23.07.25
Novo Amor-Anchor | Gülden Karaböcek-Sen Evlisin 🎵
——————————————————————
Şehir, geceyi örterken biraz soğuk, biraz nemli bir rüzgarla sarılmıştı. Cihangir'in ara sokaklarından birinde, loş ışıklarıyla hafifçe titreyen küçük bir pub vardı. İsmi yok gibiydi. Kapısında bir tabela asılıydı ama harflerin çoğu silinmişti; içeriden sızan tınılar, ismini unutturacak kadar tanıdıktı zaten: eski şarkılar, eski yüzler, eski hikâyeler.
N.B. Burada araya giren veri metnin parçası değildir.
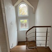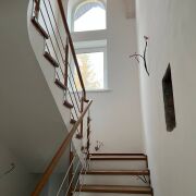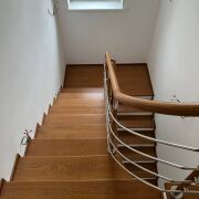 - Лестница монолитная, с отделкой из дуба — красиво и надолго.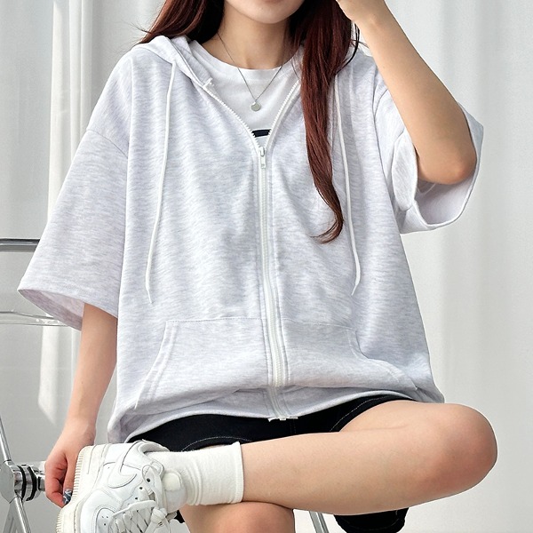 [자체제작] 루즈핏 반팔 후드집업 5컬러 교복템 여름필수

İçerisi, dışarının sertliğine inat yumuşak bir sıcaklıkla çevrelenmişti. Eskimiş kadife koltukların, cızırtılı bir pikabın, ahşap masaların ortasında kimsenin kimseye tam bakmadığı, ama herkesin birbirini az çok tanıdığı bir dünya kuruluydu.
Cam kenarındaki masada, duvara asılmış sarı renkli bir gitarın gölgesinde oturan adam gözlerini boş bir bardağa dikmişti. Koyu yeşil bir kazak giymişti, yakası hafifçe esnemiş.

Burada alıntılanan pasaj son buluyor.